Work item: Would you repeat word for word the lines of the listing that follows, from the one with "Hyuduo 380-415V 63A" up to and including the one with "The Raven dress", and leave out the images?

Records supplied:

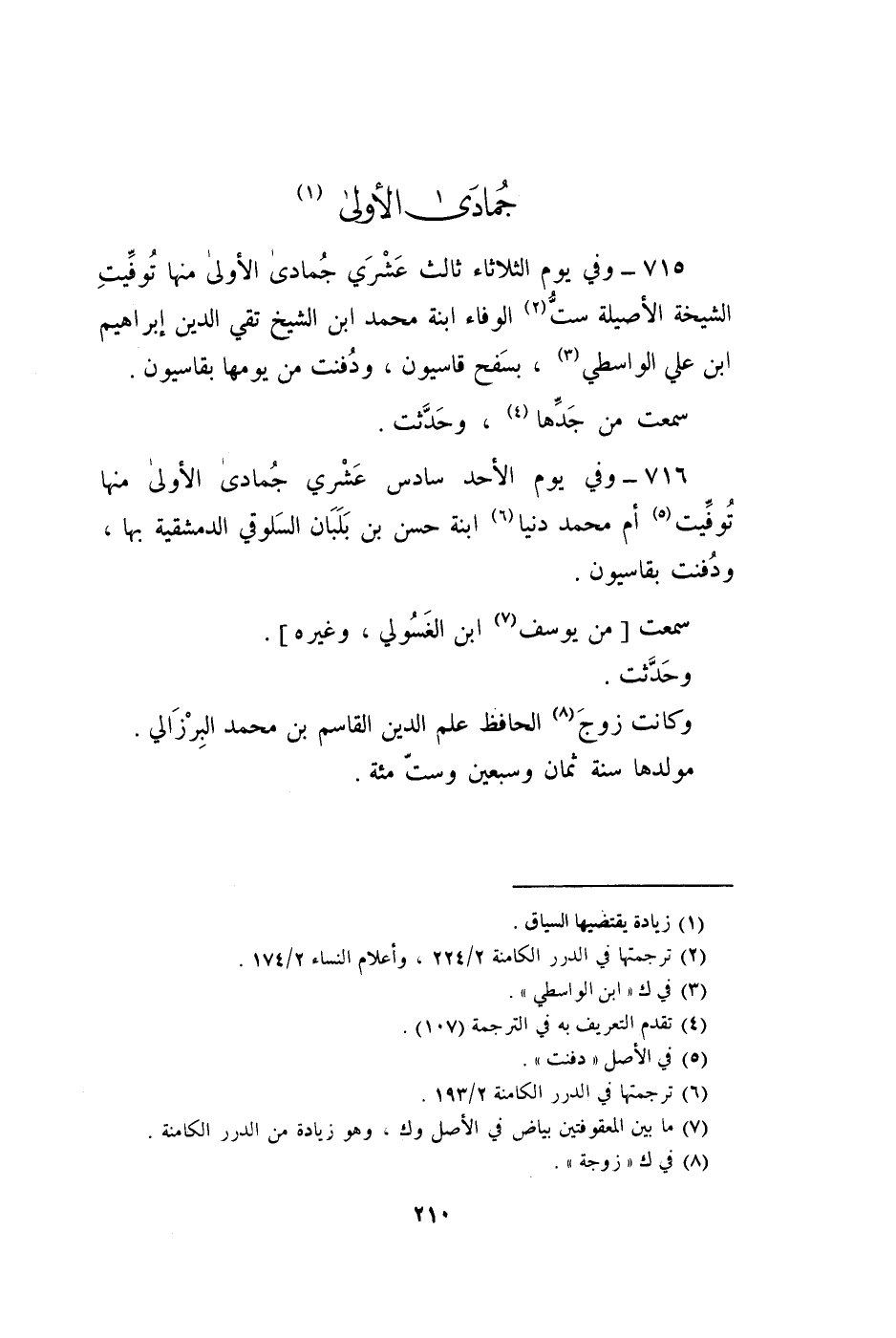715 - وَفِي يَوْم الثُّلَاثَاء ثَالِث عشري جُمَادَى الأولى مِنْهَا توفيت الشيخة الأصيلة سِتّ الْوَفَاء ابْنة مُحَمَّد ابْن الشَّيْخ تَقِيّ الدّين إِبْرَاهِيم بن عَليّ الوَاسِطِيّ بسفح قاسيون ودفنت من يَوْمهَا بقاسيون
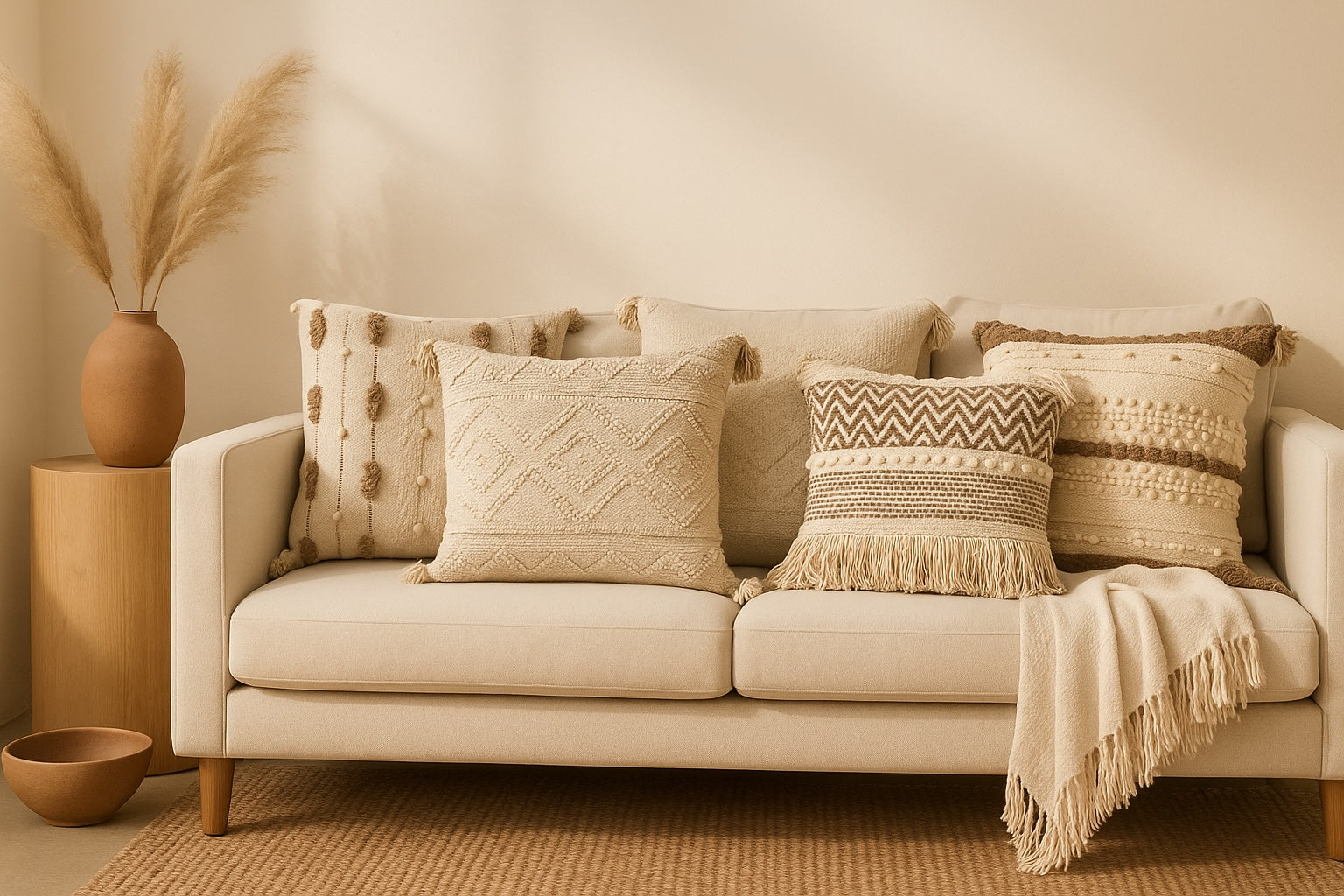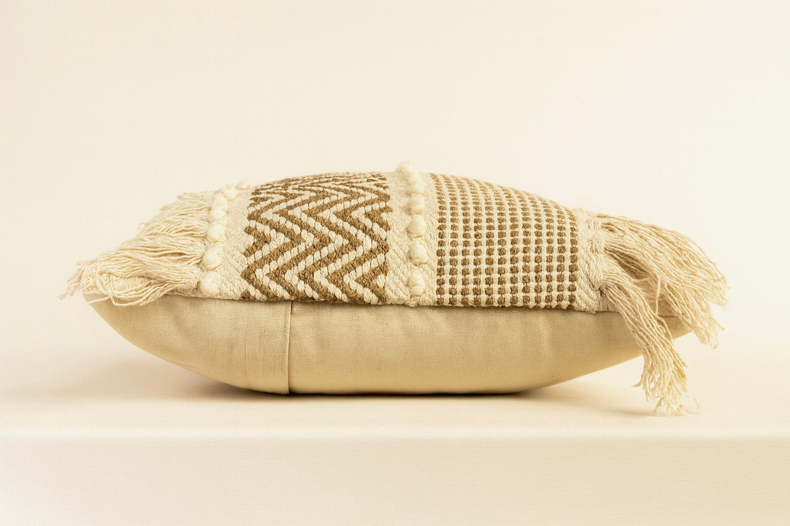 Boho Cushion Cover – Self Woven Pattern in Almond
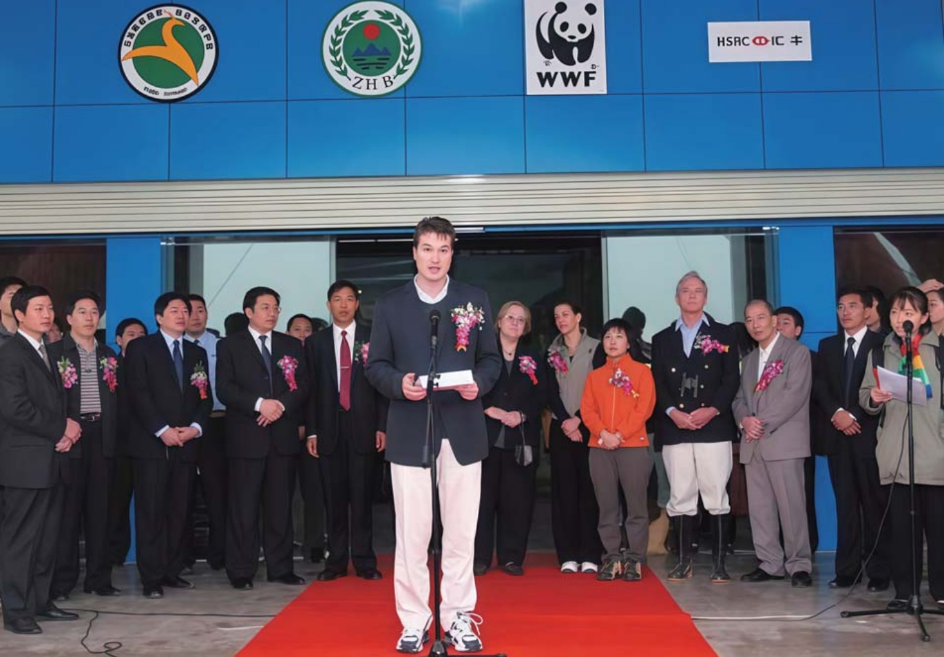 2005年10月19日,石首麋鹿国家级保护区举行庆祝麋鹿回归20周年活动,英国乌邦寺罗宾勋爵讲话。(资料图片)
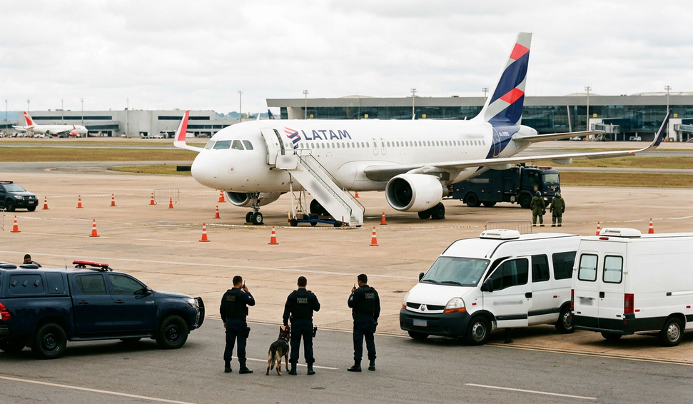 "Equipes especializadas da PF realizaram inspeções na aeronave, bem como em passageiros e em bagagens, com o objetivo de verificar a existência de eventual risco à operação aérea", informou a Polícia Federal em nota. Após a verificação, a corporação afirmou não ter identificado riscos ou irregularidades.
--
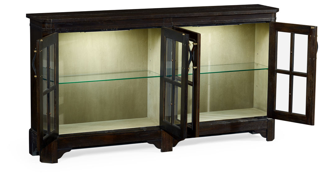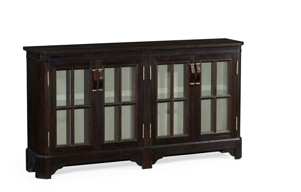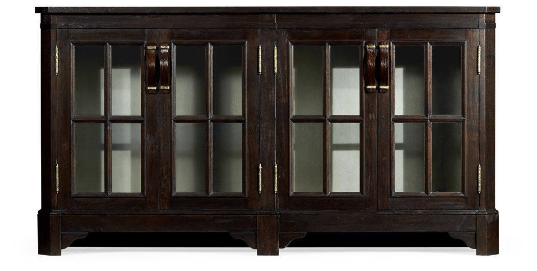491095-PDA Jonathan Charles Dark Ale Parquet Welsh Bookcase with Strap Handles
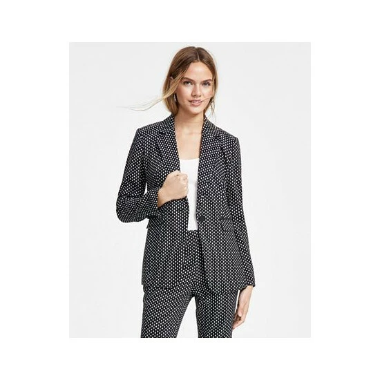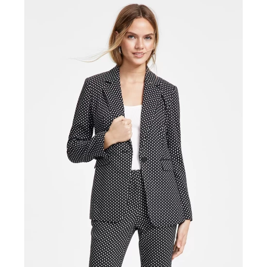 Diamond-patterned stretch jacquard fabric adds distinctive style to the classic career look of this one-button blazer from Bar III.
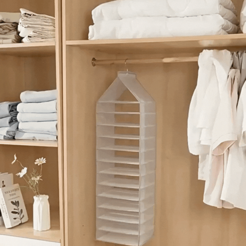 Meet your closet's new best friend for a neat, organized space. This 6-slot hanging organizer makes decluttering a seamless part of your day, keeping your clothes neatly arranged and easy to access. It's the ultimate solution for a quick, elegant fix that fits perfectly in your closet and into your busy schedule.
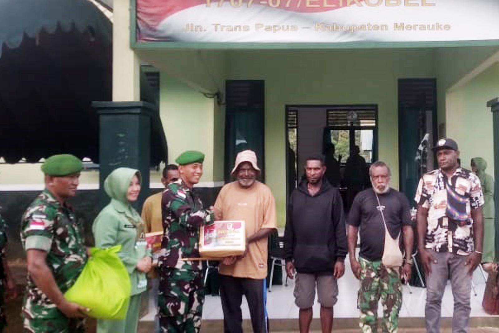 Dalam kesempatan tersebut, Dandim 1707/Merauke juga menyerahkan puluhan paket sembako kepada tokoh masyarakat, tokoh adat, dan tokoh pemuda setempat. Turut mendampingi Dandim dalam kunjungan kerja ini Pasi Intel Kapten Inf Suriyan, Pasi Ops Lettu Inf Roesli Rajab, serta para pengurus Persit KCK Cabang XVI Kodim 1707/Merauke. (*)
---
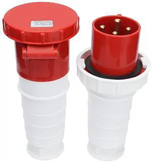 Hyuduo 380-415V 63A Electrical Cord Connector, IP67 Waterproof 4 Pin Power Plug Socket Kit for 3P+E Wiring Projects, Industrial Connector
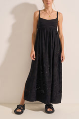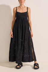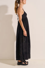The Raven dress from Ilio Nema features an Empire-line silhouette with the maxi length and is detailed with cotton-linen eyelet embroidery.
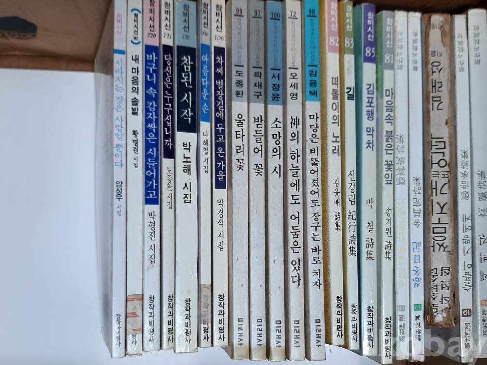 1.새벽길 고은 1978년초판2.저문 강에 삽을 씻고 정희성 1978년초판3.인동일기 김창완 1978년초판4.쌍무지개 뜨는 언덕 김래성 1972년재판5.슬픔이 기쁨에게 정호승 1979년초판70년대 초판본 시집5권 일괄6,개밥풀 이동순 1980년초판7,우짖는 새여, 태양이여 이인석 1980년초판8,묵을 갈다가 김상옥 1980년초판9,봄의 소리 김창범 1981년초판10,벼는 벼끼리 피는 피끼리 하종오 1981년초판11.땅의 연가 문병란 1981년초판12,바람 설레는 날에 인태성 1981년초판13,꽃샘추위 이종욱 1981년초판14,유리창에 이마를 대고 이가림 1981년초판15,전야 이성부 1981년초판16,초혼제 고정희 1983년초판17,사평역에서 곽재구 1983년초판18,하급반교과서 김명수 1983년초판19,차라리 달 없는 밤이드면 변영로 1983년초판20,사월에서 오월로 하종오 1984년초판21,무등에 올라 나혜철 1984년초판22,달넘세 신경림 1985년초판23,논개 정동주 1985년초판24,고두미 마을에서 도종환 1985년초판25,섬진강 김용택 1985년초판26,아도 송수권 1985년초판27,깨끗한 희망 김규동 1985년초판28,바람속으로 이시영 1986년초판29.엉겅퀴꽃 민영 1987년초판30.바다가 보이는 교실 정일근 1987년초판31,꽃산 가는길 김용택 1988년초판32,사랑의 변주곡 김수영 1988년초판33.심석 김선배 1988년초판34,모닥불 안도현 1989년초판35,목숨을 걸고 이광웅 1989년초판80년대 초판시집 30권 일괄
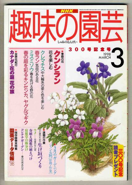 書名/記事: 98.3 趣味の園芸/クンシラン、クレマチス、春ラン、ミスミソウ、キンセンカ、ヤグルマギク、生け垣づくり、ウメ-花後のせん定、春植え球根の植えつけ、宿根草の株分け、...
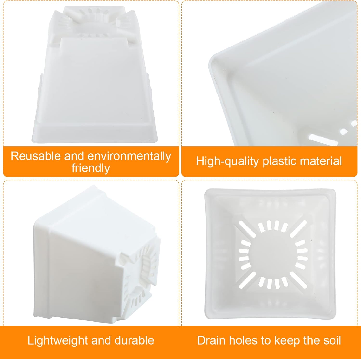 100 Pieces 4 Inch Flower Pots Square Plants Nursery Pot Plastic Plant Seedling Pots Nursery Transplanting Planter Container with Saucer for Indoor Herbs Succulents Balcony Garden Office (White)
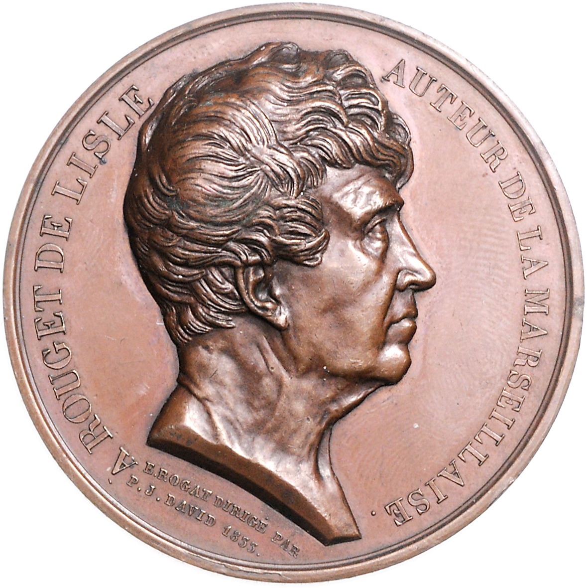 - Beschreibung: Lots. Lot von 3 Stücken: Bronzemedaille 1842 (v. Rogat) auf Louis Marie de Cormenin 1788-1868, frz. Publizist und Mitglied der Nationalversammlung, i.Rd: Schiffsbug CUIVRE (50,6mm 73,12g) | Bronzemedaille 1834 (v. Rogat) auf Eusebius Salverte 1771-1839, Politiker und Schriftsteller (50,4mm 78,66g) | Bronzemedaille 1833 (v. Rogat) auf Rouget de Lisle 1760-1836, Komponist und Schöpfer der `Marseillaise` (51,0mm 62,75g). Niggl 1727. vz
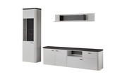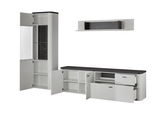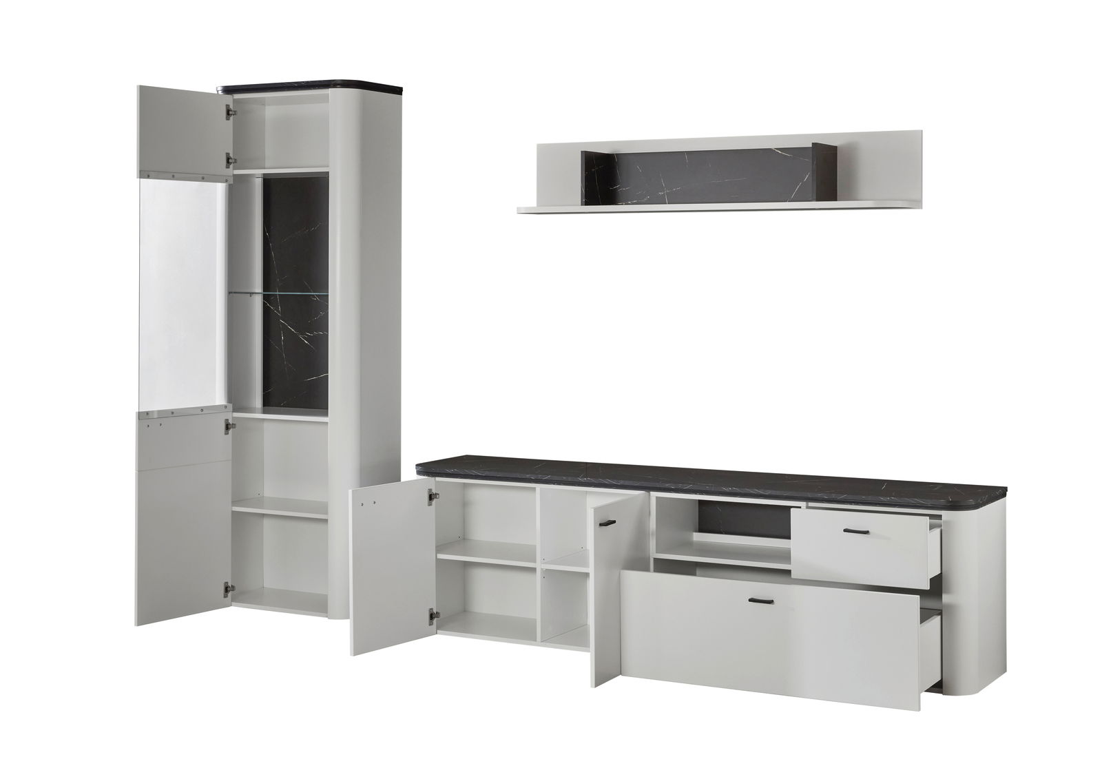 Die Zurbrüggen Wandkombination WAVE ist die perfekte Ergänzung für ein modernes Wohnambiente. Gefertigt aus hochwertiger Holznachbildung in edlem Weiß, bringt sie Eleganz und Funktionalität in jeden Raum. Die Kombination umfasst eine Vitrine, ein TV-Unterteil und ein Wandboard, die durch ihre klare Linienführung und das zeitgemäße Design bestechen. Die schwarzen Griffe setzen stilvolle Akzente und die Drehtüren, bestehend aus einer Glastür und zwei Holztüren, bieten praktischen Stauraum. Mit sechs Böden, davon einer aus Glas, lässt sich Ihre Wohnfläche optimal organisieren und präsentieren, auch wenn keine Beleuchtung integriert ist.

Answer section:
 Hyuduo 380-415V 63A Electrical Cord Connector, IP67 Waterproof 4 Pin Power Plug Socket Kit for 3P+E Wiring Projects, Industrial Connector
The Raven dress from Ilio Nema features an Empire-line silhouette with the maxi length and is detailed with cotton-linen eyelet embroidery.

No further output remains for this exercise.